* What you will do *
Given the records underneath, please repeat exactly the lines from the line with "9ct Yellow Gold Ruby & Diamond Ring" through the line with "夏季簿款破洞九分牛仔裤男修身小脚裤哈伦青少年裤子男韩版9分裤", passing over any picture.

* Provided material *
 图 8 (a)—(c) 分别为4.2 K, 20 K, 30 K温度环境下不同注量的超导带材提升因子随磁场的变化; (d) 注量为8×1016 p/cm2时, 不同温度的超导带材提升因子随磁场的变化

...

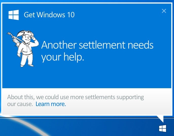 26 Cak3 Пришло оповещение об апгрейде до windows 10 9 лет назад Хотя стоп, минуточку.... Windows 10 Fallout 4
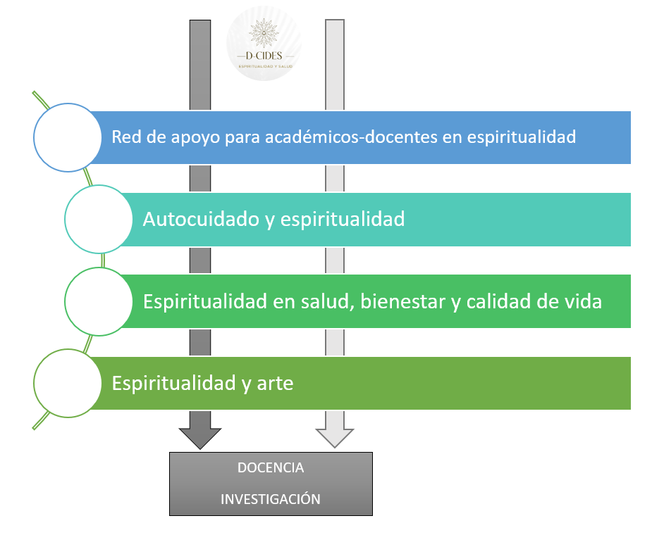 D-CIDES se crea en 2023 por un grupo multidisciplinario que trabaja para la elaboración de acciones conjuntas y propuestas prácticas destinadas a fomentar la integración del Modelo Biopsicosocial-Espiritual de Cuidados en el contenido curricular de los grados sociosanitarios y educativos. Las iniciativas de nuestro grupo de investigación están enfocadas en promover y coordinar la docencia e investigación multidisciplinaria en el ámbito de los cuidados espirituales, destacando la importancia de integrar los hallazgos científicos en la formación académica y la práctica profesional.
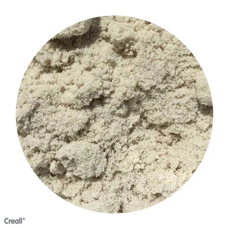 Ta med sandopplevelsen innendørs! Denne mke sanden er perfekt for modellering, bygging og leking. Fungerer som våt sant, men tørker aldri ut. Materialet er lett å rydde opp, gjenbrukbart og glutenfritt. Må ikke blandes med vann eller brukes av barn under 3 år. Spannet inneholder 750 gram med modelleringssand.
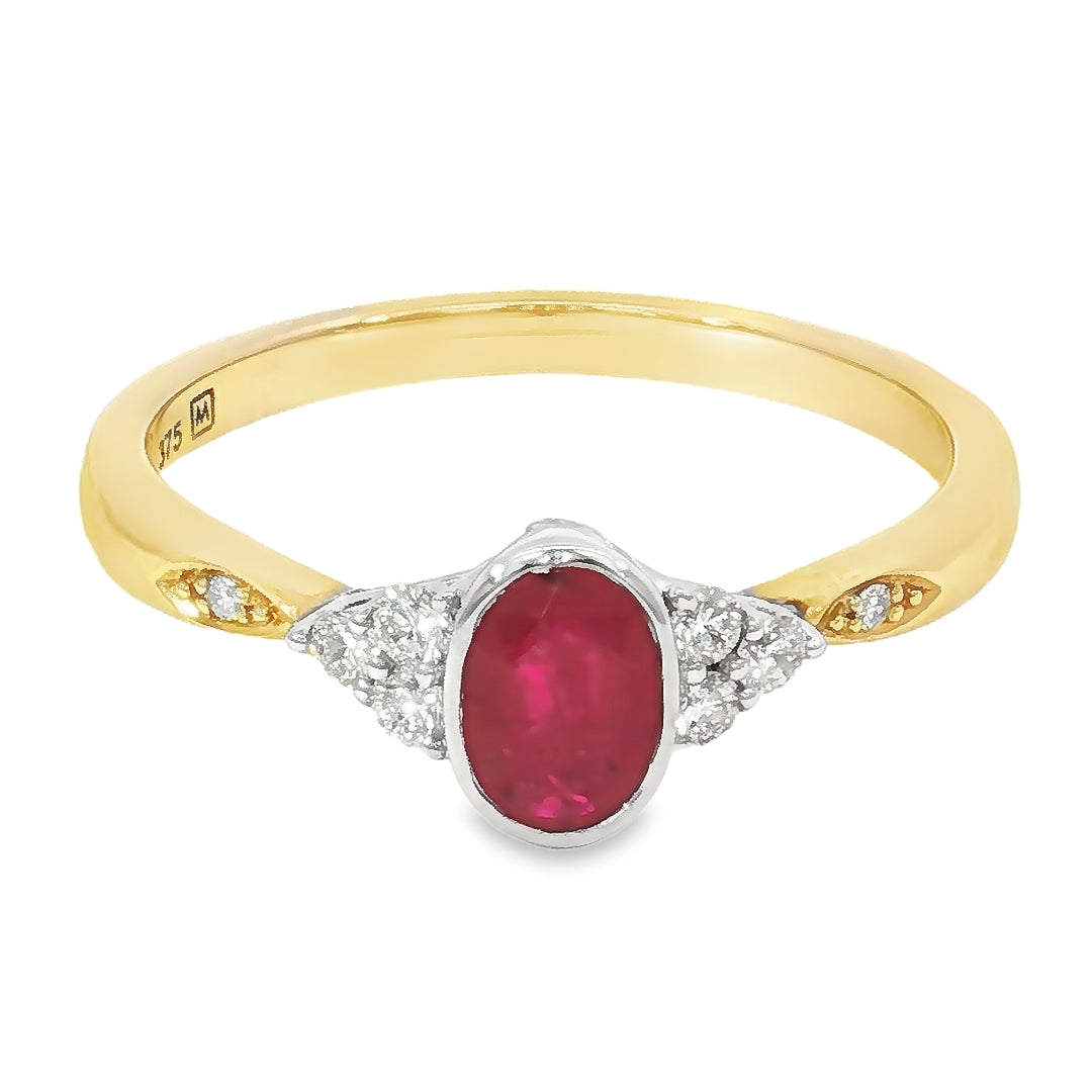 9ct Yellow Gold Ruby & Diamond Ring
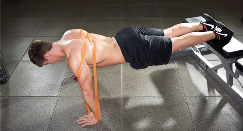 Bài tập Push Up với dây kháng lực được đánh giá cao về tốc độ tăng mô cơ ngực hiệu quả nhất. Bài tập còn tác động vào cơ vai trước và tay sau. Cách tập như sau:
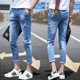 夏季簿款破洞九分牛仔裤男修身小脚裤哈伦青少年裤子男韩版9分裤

* Solution to the exercise *
 9ct Yellow Gold Ruby & Diamond Ring
 Bài tập Push Up với dây kháng lực được đánh giá cao về tốc độ tăng mô cơ ngực hiệu quả nhất. Bài tập còn tác động vào cơ vai trước và tay sau. Cách tập như sau:
 夏季簿款破洞九分牛仔裤男修身小脚裤哈伦青少年裤子男韩版9分裤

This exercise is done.